Instructions to follow:
Copy exactly, from the beginning of the material below, every line up to and including the one holding "ヘコむあだ名 | 『酢こんぶ』『さえきかおる(苦笑)』 |", with the pictures left out.

Supplied data:

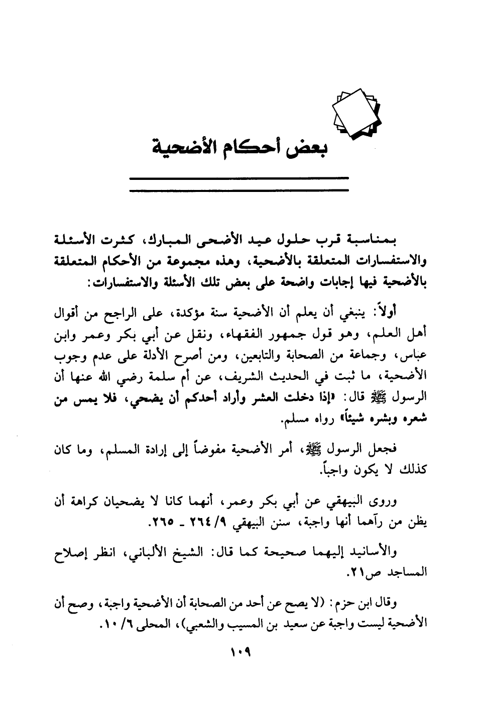 بعض أحكام الأضحية
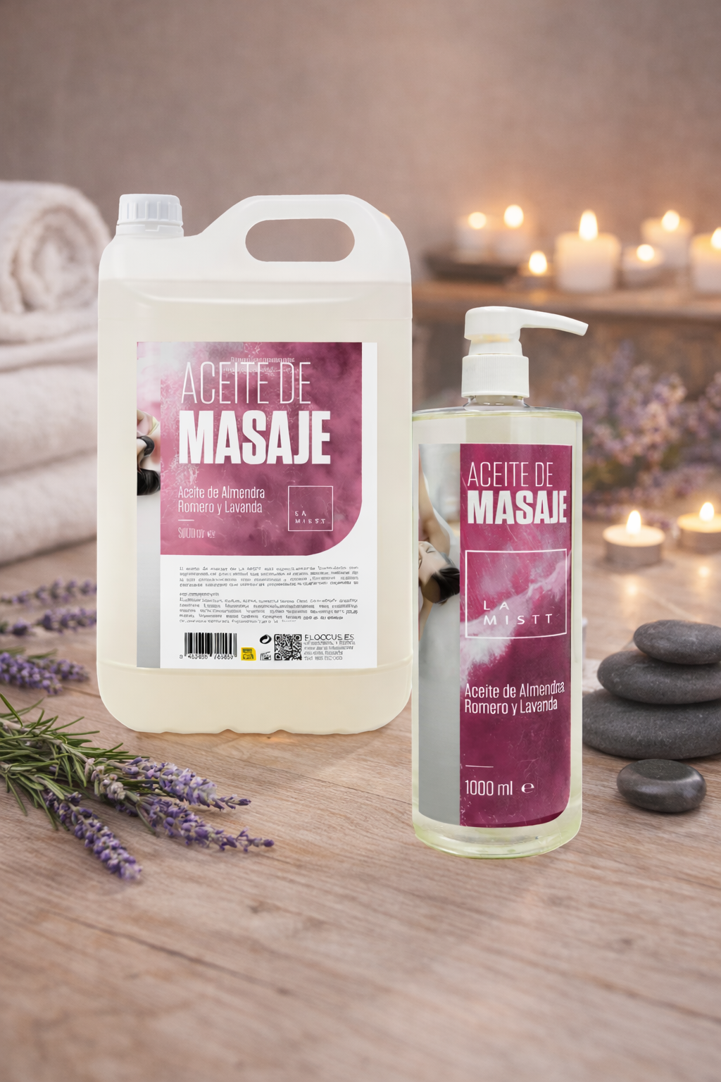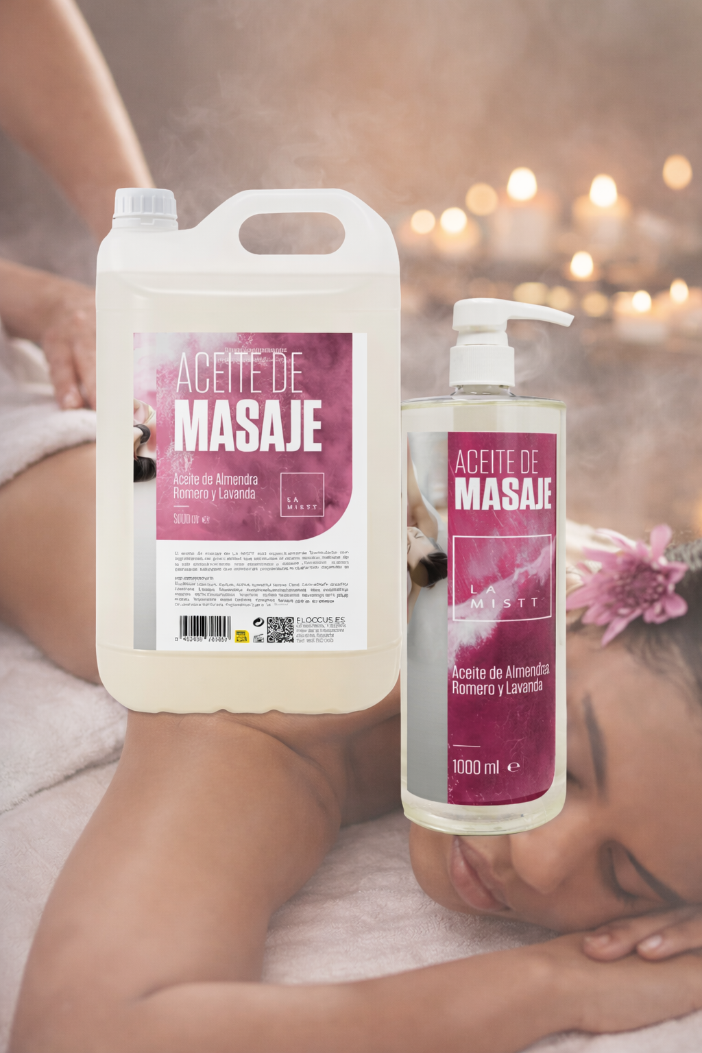 Pack profesional de aceites de masaje con fórmula mejorada para tratamientos corporales en centros de estética y bienestar. Combina aceite de almendras, romero y lavanda para una aplicación fluida, nutritiva y aromática en cabina.
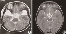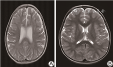 电话回访112例未同意复筛的患儿,其中拒接电话22例,接受电话回访的新生儿家长均回复婴儿生后至今(随访年龄0~3岁)健康。对8例确诊IEM患儿进行追踪随访及智力评估(随访年龄0~3岁),1例甲基丙二酸血症患儿早期头颅MRI显示双侧苍白球区、双侧尾状核头对称片状异常信号;1例戊二酸血症患儿早期头颅MRI提示额叶白质内等T1长T2信号,提示双侧额叶白质脱髓鞘。所有确诊病例均给予对应的治疗,包括特殊奶粉、补充左卡尼汀、维生素B12及尼替西农等,目前均生长发育良好。其中甲基丙二酸血症患儿随访至2岁、戊二酸血症患儿随访至2.5岁时头颅MRI均提示正常,智力正常。见图1、2。
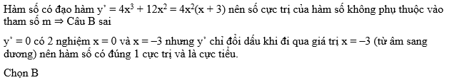 Cho hàm số y = x4 + 4x3 – m. Khẳng định nào sau đây là khẳng định sai:
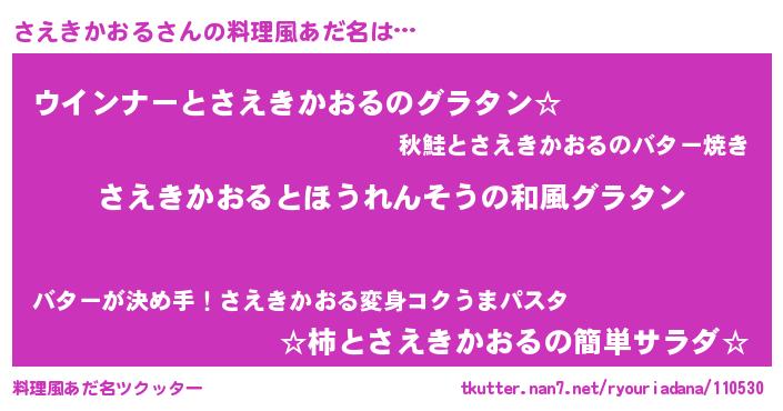 | ヘコむあだ名 | 『酢こんぶ』『さえきかおる(苦笑)』 |
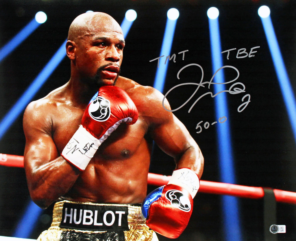 This Autographed w/ Red Gloves Horizontal 16x20 Photo with the inscription of "50-0 TBE TMT" has been Personally Signed by Floyd Mayweather. This item is 100% Authentic to include a hologram by Beckett Authentication Services. This item will come with an affixed Beckett Authentication Services (BAS) authentication sticker, which includes a scannable QR code to verify authenticity. Please note that Beckett no longer provides serial-numbered COA cards, and the attached BAS sticker will serve as the complete authentication for this item. We have multiples of this same item. While the photographs are representative of this item, the size, placement and strength of the signature may vary. Each item is hand signed, therefore, each autograph is unique.
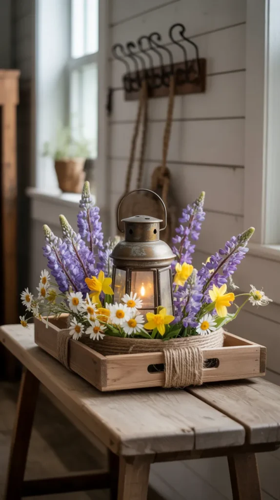 Use wildflower-style stems with a wooden tray and twine accents. Add a small lantern or bunny to finish the look. This relaxed design works well in entryways.
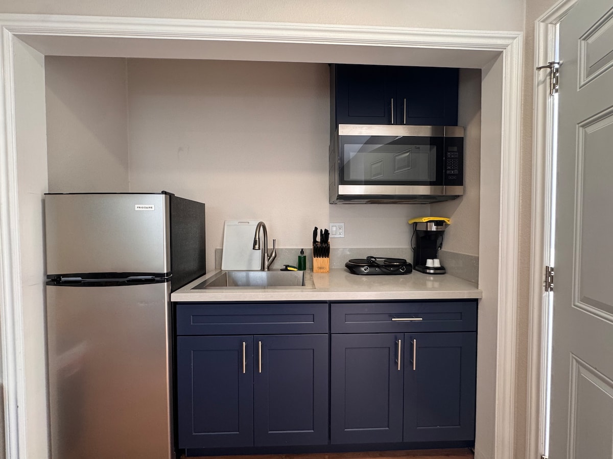 Novi građevinski 2 kreveta 1 kupatilo Moderni skriveni dragulj! Ova kuća za goste ima svoje privatno dvorište, ulaz i prilaz. Na nešto manje od 600 stopa kvadratnih, nijedan kamen nije ostavljen da se vrati prilikom dizajniranja ovog prostora. Ovaj otvoreni koncept Home ima dnevni boravak s kaučem za spavanje, Roku TV-om od 50", trpezarijskim stolom s 4 stolice, daljinskim upravljanjem klima-uređajem i sistemom za grijanje. Kuhinja s mikrovalnom pećnicom, rernom, frižiderom i mašinom za pranje/sušenje veša. Kupatilo s kadom i tušem. 2 spavaće sobe, 1 s bračnim krevetom i druga bračna kreveta.

Response to this task:
 بعض أحكام الأضحية
 Pack profesional de aceites de masaje con fórmula mejorada para tratamientos corporales en centros de estética y bienestar. Combina aceite de almendras, romero y lavanda para una aplicación fluida, nutritiva y aromática en cabina.
 电话回访112例未同意复筛的患儿,其中拒接电话22例,接受电话回访的新生儿家长均回复婴儿生后至今(随访年龄0~3岁)健康。对8例确诊IEM患儿进行追踪随访及智力评估(随访年龄0~3岁),1例甲基丙二酸血症患儿早期头颅MRI显示双侧苍白球区、双侧尾状核头对称片状异常信号;1例戊二酸血症患儿早期头颅MRI提示额叶白质内等T1长T2信号,提示双侧额叶白质脱髓鞘。所有确诊病例均给予对应的治疗,包括特殊奶粉、补充左卡尼汀、维生素B12及尼替西农等,目前均生长发育良好。其中甲基丙二酸血症患儿随访至2岁、戊二酸血症患儿随访至2.5岁时头颅MRI均提示正常,智力正常。见图1、2。
 Cho hàm số y = x4 + 4x3 – m. Khẳng định nào sau đây là khẳng định sai:
 | ヘコむあだ名 | 『酢こんぶ』『さえきかおる(苦笑)』 |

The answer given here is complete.